When she was 13, her father decided to move to Istanbul, hoping to give his five children a better education.

Young Erdogan sold lemonade and sesame bagels known as ‘simit’, a type of bread popular in Turkey, to supplement his income. He attended an Islamic school before earning a business degree from Marmara University in Istanbul.

His degree has always been a contentious issue, with the opposition saying he didn’t have a full degree but something equivalent – a charge Erdogan has consistently denied.

Young Erdogan was also interested in football and played in semi-professional teams until the 1980s.

But his main passion was politics. In the 1970s and 1980s he was active in Islamist circles and eventually joined Necmettin Erbakan’s pro-Islamic Welfare Party.

As the party grew in popularity in the 1990s, Erdogan ran for mayor of Istanbul in 1994 and ruled the city for the next four years.

Erbakan, Turkey’s pioneering Islamic prime minister, served just a year before being forced to resign in 1997 by the military. And Erdogan has also clashed with the country’s staunchly secular authorities.

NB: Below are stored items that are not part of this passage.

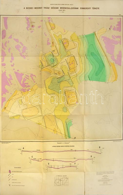 1966 A Bicskei-medence triász időszaki medencealjzatának domborzati térképe (északi rész). Szerk.: Szabadváry László. Nagyméretű térkép, 1 : 50.000, Magyar Állami Eötvös Loránd Geofizikai Intézet. Kis lapszéli szakadásokkal, vágott lapszélekkel, kissé koszos, 100x63 cm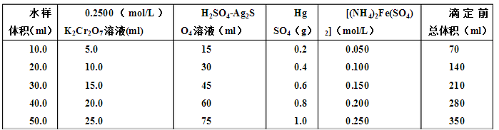 在強酸性溶液中,一定量的重鉻酸鉀氧化水樣中還原性物質,過量的重鉻酸鉀以試亞鐵靈作指示劑、用硫酸亞鐵銨溶液回滴。根據用量算出水樣中還原性物質消耗氧的量。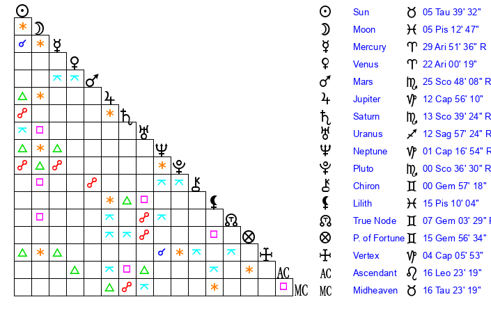 | Moon | 5 Pisces 6 | 6 Aries 0 | 2 Virgo 9 |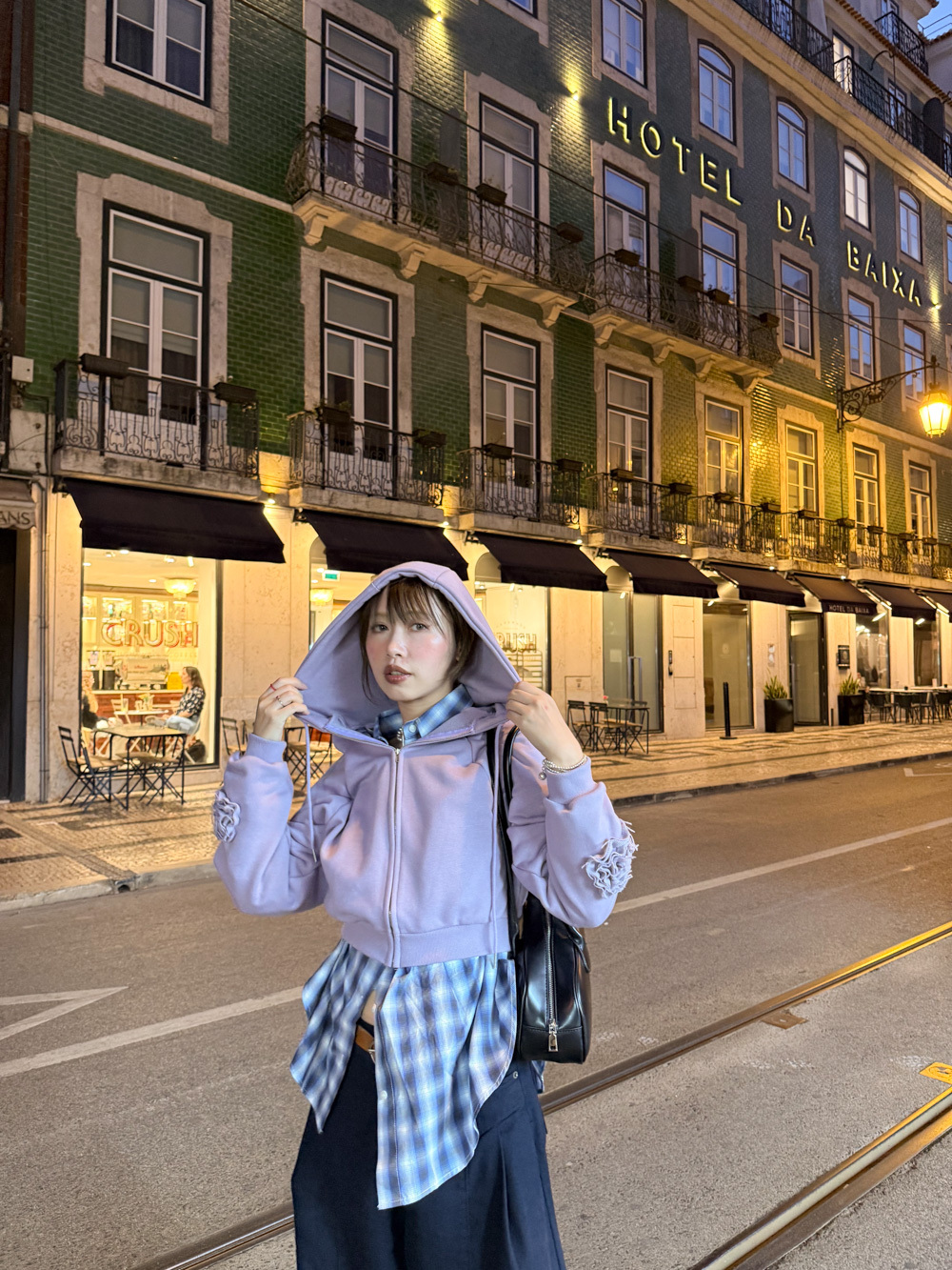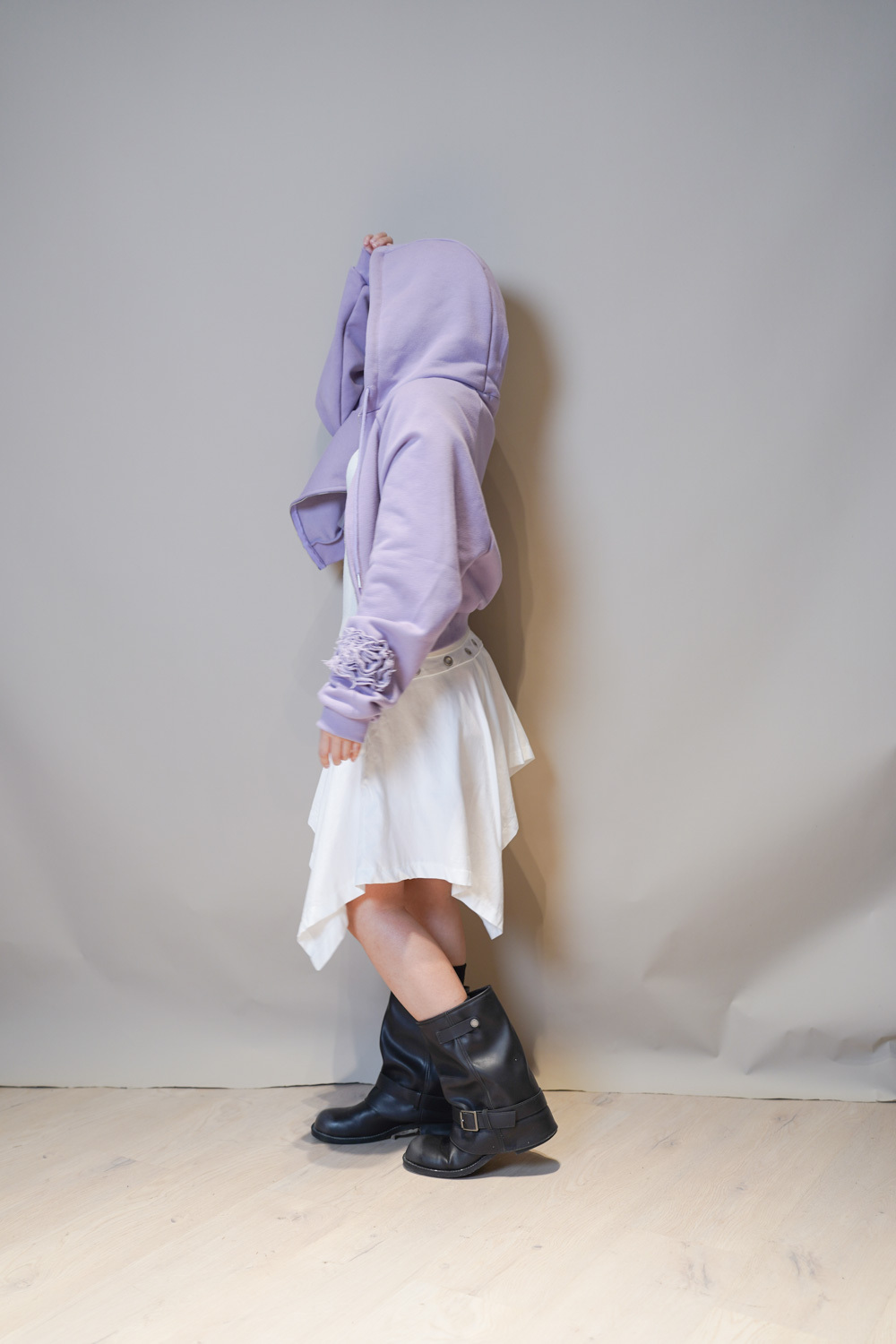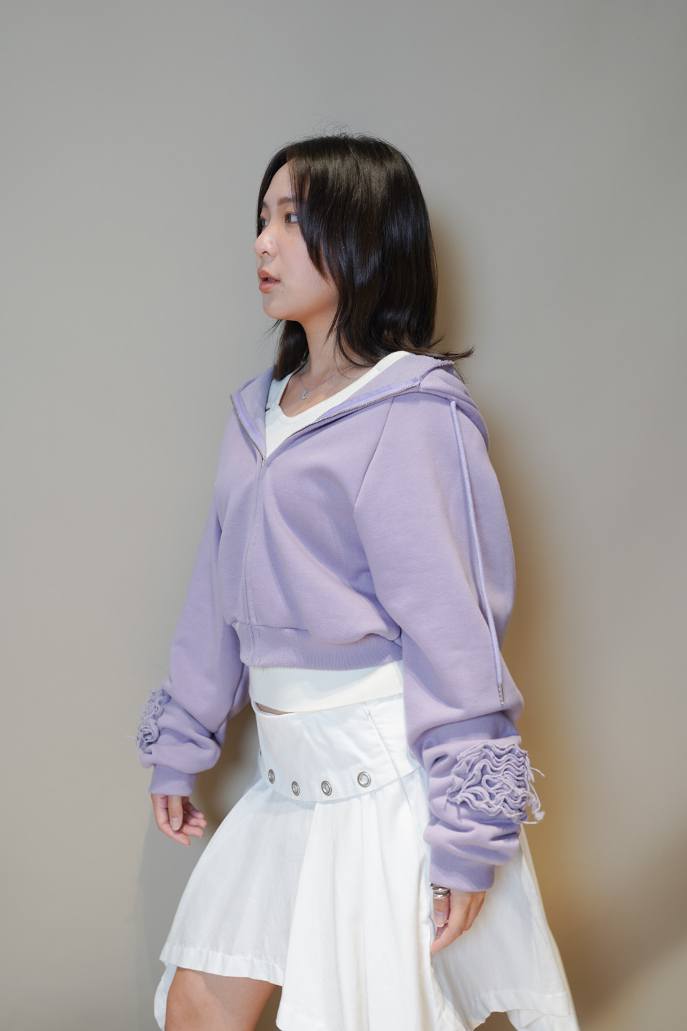 stranger room made: 3D flower sleeve zip up (WHITE/PURPLE/DARK GREY)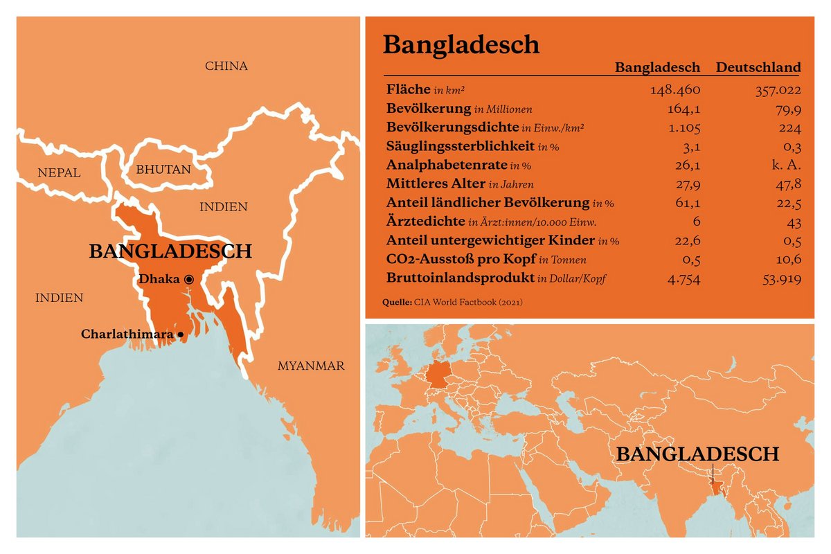 Bis vor ein paar Jahren lebten die Menschen in Charlathimara von Fischfang und Reisanbau. Doch seit immer mehr Wirbelstürme das Meer aufwühlen und Salzwasser ins Landesinnere vordringt, müssen sie neue Einnahmequellen finden. Das ist Herausforderung und Chance zugleich, vor allem für die Frauen.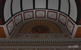 O mosaico da concha é particularmente bem elaborado onde podemos encontrar um grande cuidado nas cores e nas transições entre elas. Esta, a par da concha do peristilo e da ninfa são indicadores de um culto aquático.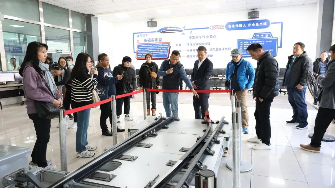 在林世烈的讲解下,代表团考察参观了学院机车检修实训基地、城市轨道交通实训基地、云南高速铁路技术公共实训基地等教学实训场所。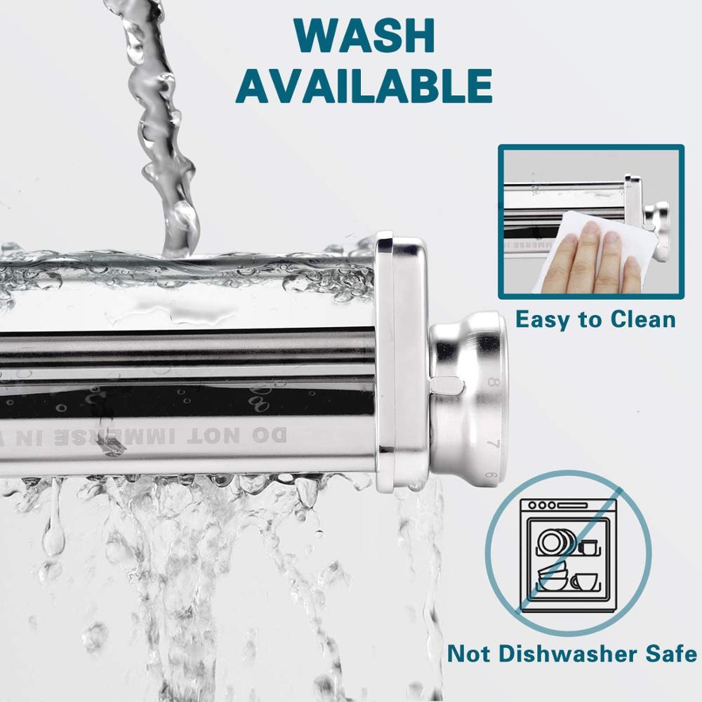 With 8 thickness options, you can adjust the thickness as you like. Rolling dough sheet roll dough slices using the highest thickness setting. Then place the doughin the middle of the pasta machine attachment, Steadily tighten the roller for your desired thickness.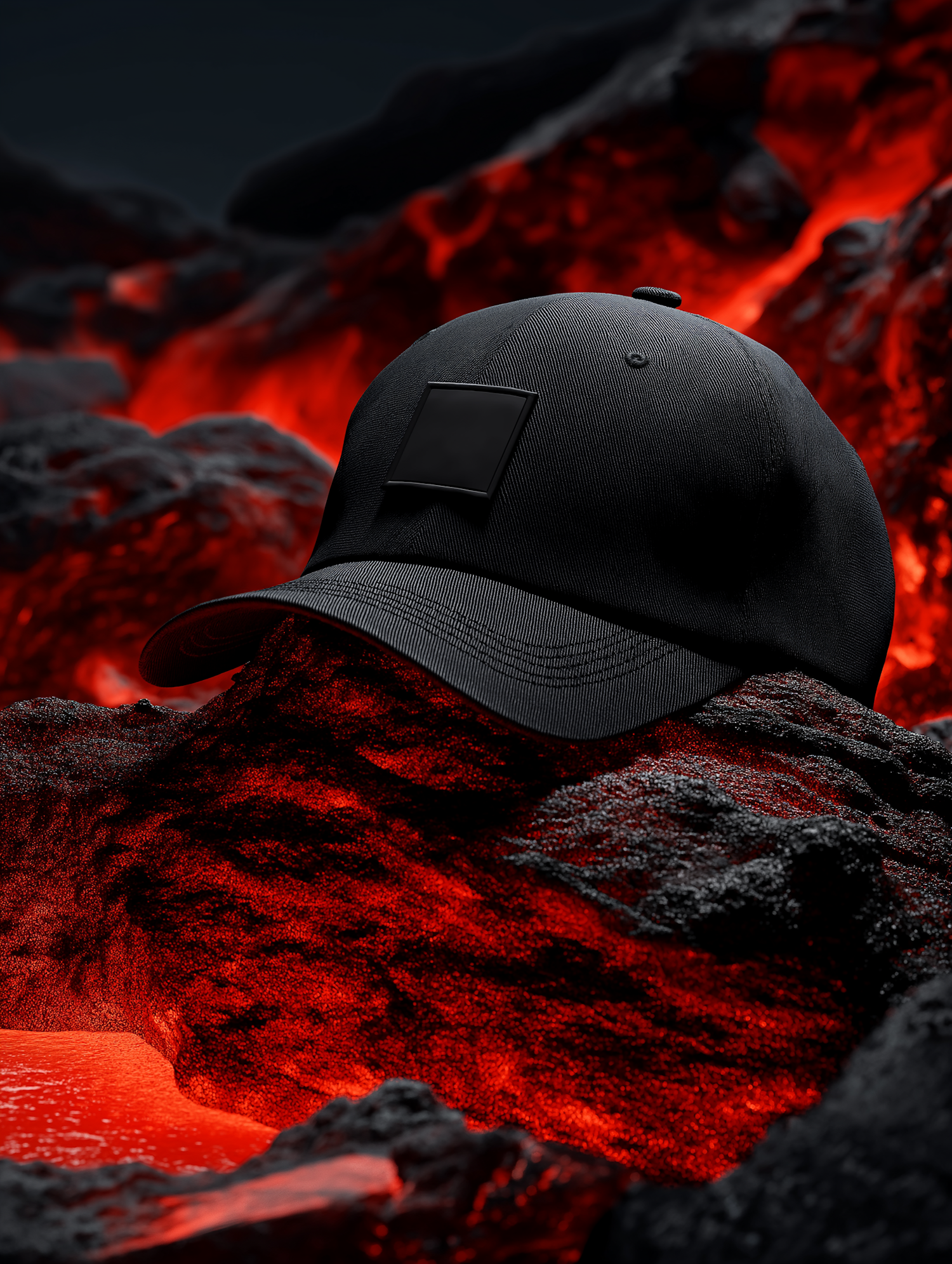 A black baseball cap with a square patch sits on glowing volcanic rock, contrasting its sleek design with the fiery red lava background.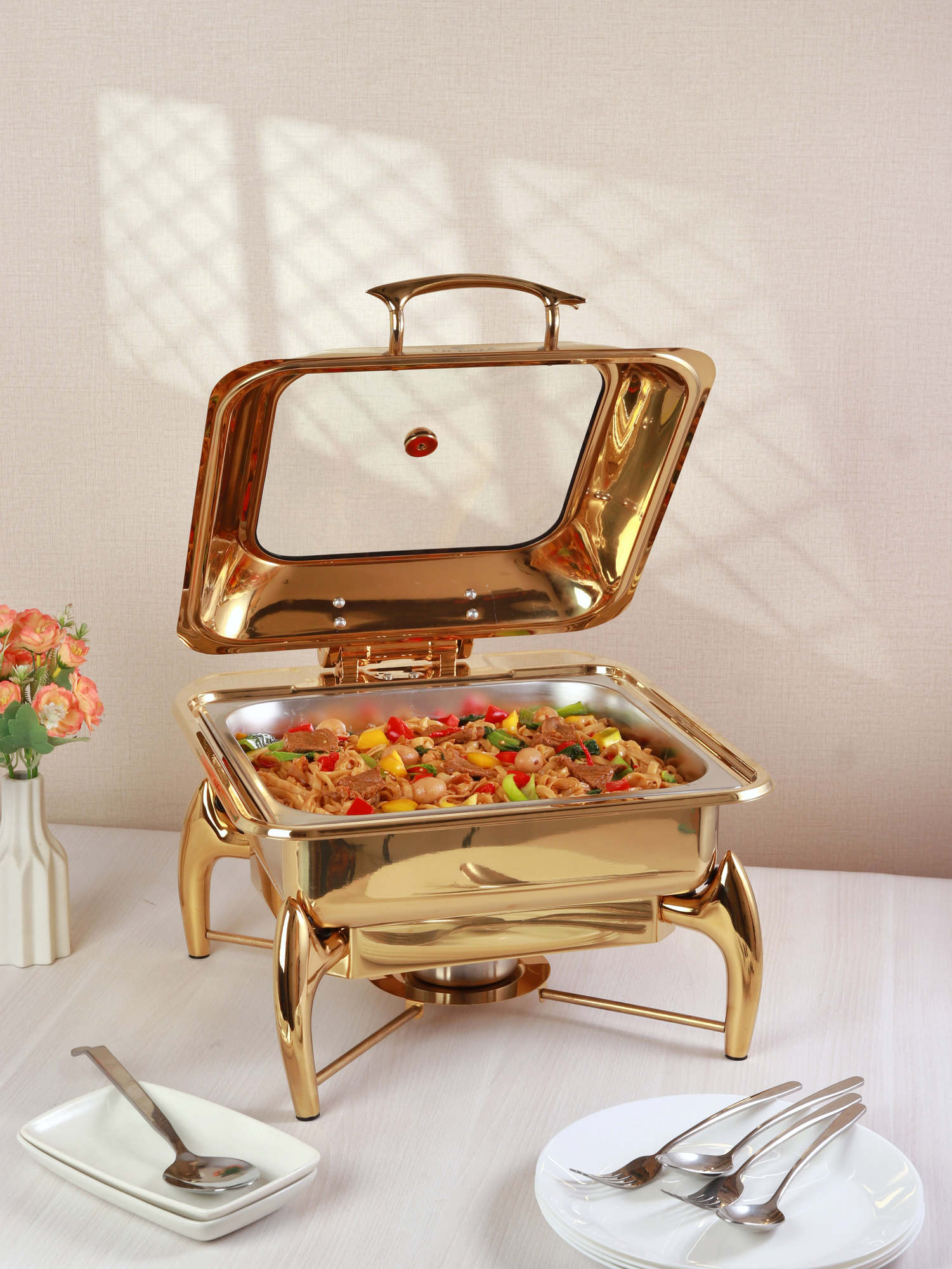 Chafing dish dapat terbuka dan tertutup dengan stabil

That same year he was convicted of inciting racial hatred for publicly reading a nationalist poem which included the lines: “Mosques are our barracks, domes our helmets, minarets our bayonets, and the faithful our soldiers.”

After serving four months in prison, Erdogan returned to politics. But in 1998 his party was banned for violating the secular principles of the modern Turkish state.

In August 2001 he founded a new Islamic party with his ally Abdullah Gul, the Justice and Development Party (AKP).

Erdogan’s popularity was growing, particularly among two groups: first, the pious Turkish majority who felt marginalized by the country’s secular elites, and second, those suffering from the economic crisis of the late 1990s.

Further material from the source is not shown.